**EXERCISE DATA**
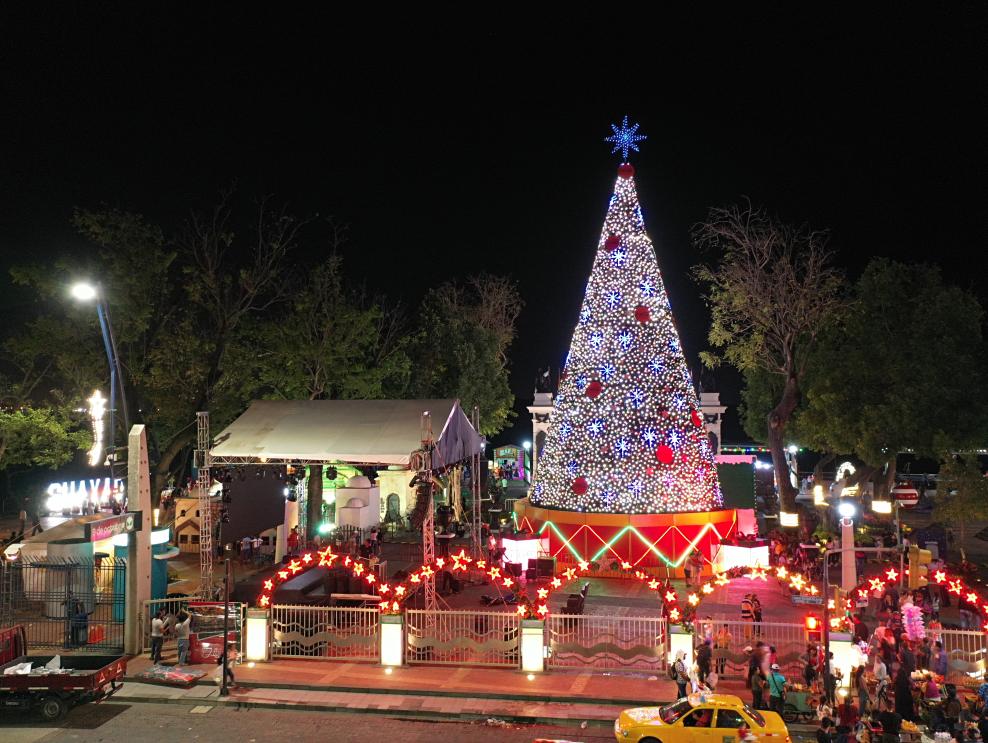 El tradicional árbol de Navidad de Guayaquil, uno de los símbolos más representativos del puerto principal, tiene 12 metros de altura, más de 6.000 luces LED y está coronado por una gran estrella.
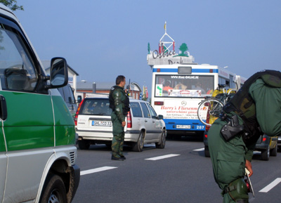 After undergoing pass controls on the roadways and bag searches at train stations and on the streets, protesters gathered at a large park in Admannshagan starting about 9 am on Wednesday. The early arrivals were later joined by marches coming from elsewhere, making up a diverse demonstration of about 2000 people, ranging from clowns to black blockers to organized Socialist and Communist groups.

* * *

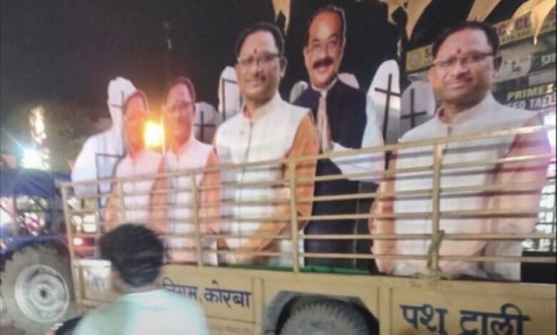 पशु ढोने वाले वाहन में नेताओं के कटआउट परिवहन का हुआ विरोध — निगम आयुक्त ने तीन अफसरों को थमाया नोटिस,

**TASK GOAL**
Print, word for word, the lines above that run from the line containing "El tradicional árbol" to the line containing "After undergoing pass", both included. Keep the pictures out.

**RESPONSE AREA**
 El tradicional árbol de Navidad de Guayaquil, uno de los símbolos más representativos del puerto principal, tiene 12 metros de altura, más de 6.000 luces LED y está coronado por una gran estrella.
 After undergoing pass controls on the roadways and bag searches at train stations and on the streets, protesters gathered at a large park in Admannshagan starting about 9 am on Wednesday. The early arrivals were later joined by marches coming from elsewhere, making up a diverse demonstration of about 2000 people, ranging from clowns to black blockers to organized Socialist and Communist groups.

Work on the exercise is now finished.